Collected material: Begin
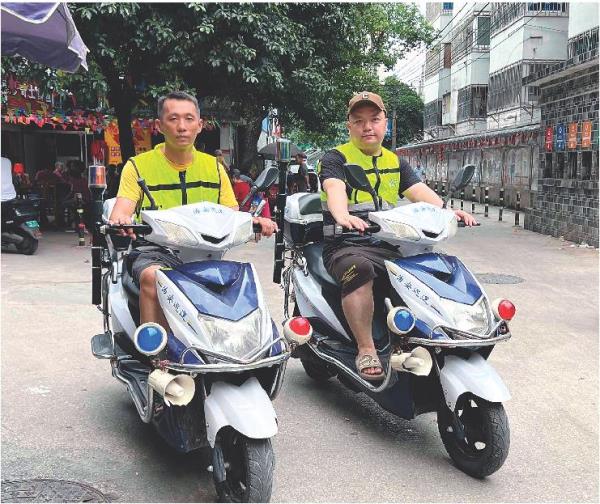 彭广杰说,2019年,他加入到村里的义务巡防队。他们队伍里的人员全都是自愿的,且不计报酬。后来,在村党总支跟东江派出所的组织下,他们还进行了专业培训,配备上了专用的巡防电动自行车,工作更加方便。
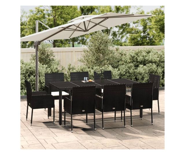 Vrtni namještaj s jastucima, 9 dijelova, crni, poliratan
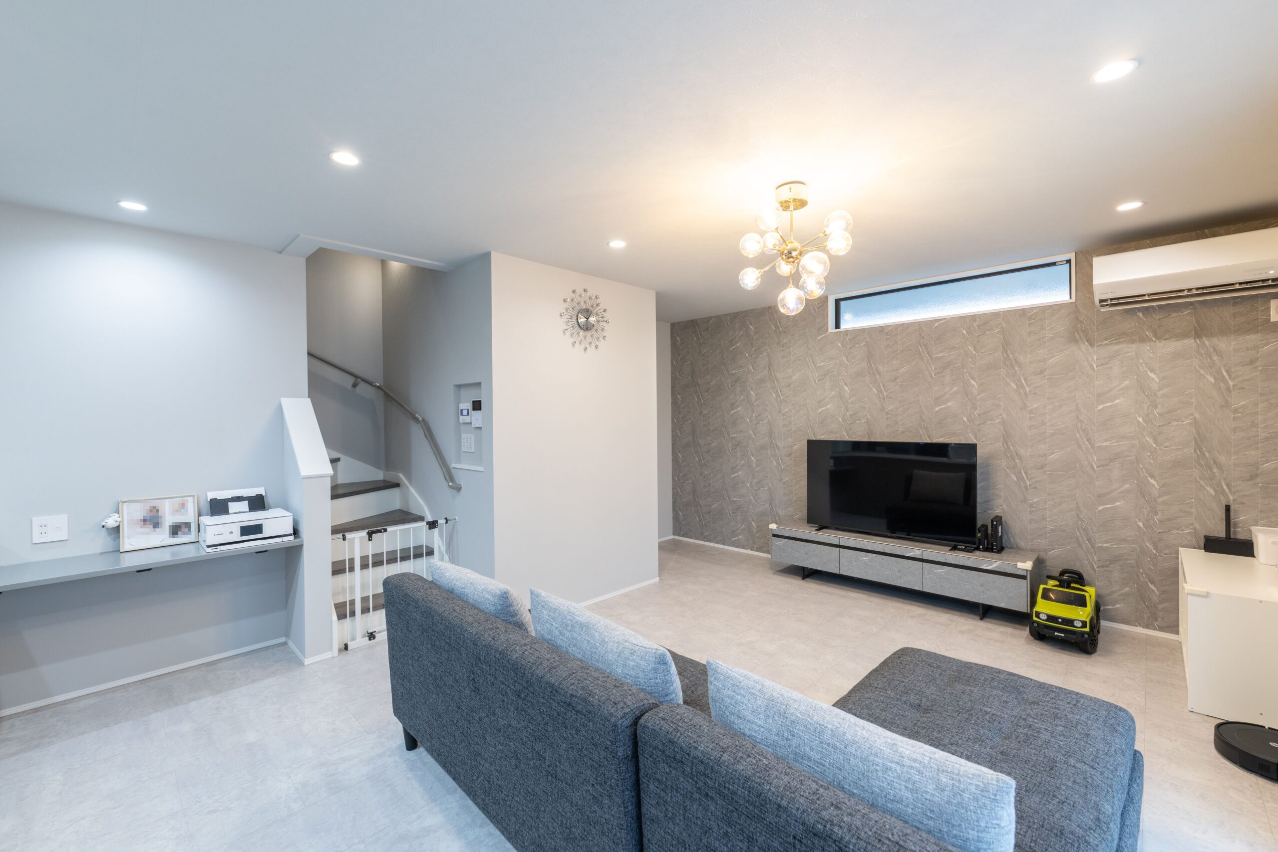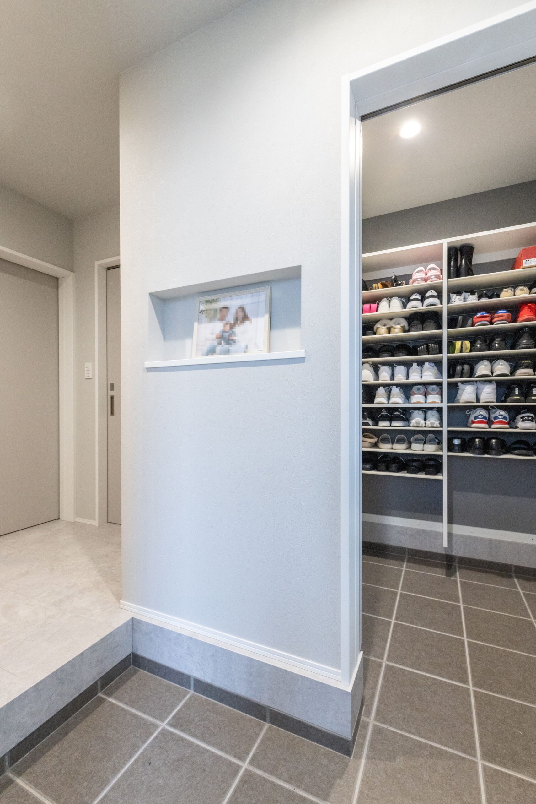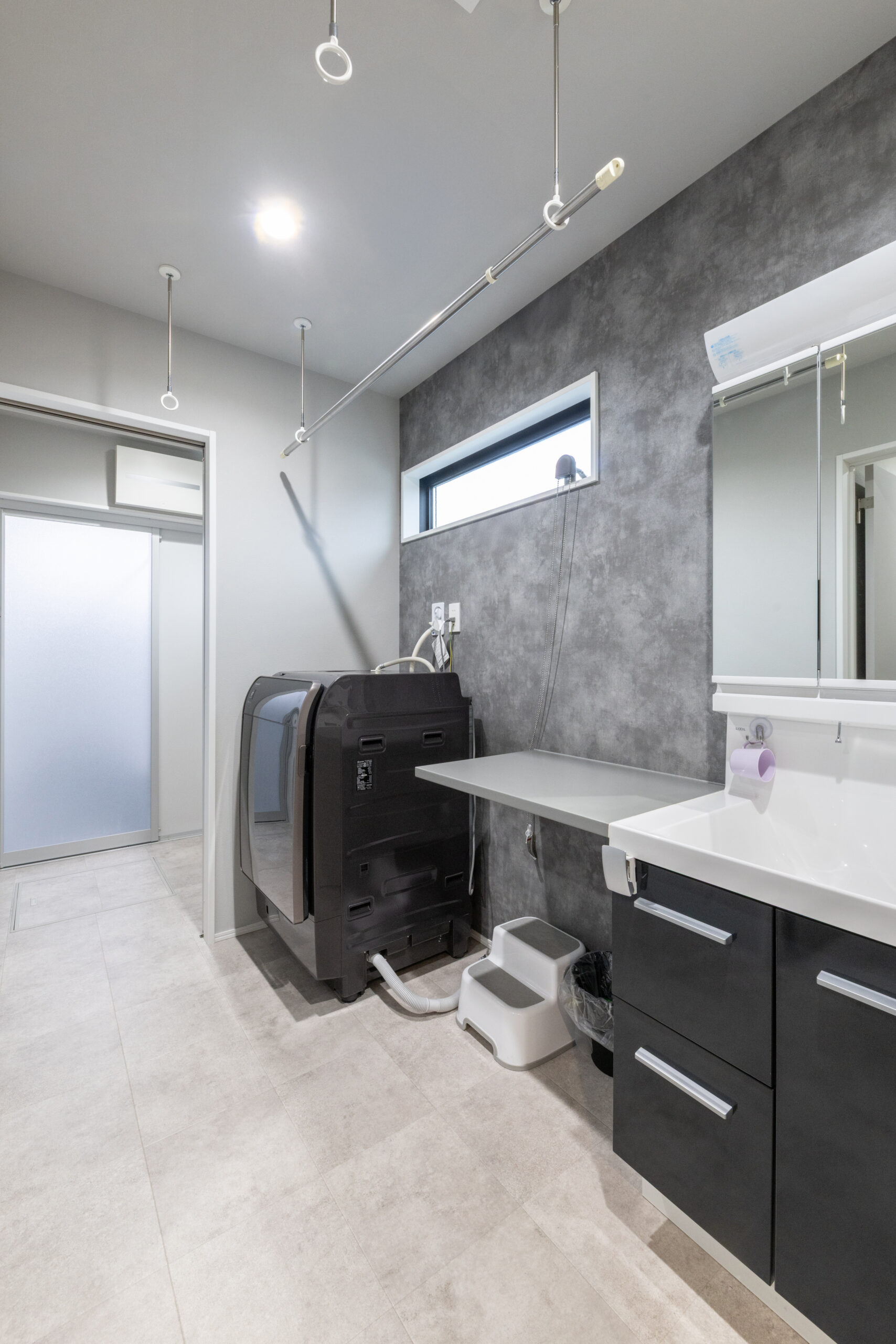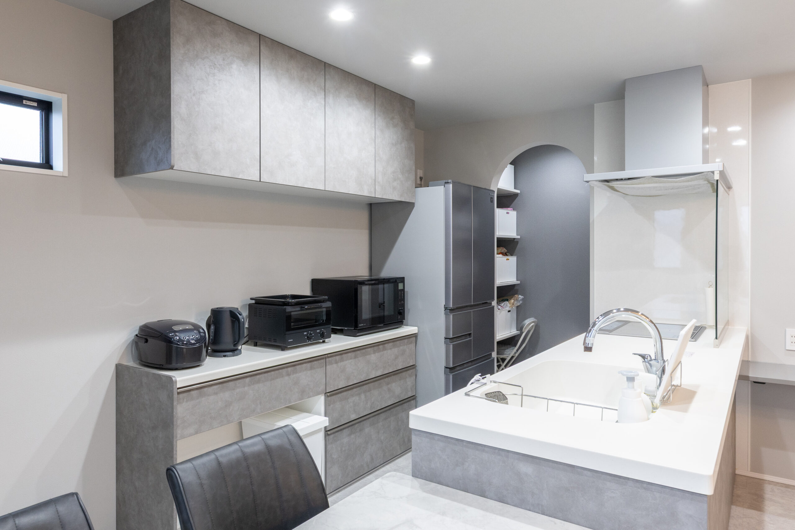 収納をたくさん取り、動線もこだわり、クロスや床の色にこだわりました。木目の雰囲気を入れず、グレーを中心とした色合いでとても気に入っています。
Collected material: End
Work instruction: Where a picture appears, skip it and copy the rest of the data word for word.

Exercise solution:
 彭广杰说,2019年,他加入到村里的义务巡防队。他们队伍里的人员全都是自愿的,且不计报酬。后来,在村党总支跟东江派出所的组织下,他们还进行了专业培训,配备上了专用的巡防电动自行车,工作更加方便。
 Vrtni namještaj s jastucima, 9 dijelova, crni, poliratan
 収納をたくさん取り、動線もこだわり、クロスや床の色にこだわりました。木目の雰囲気を入れず、グレーを中心とした色合いでとても気に入っています。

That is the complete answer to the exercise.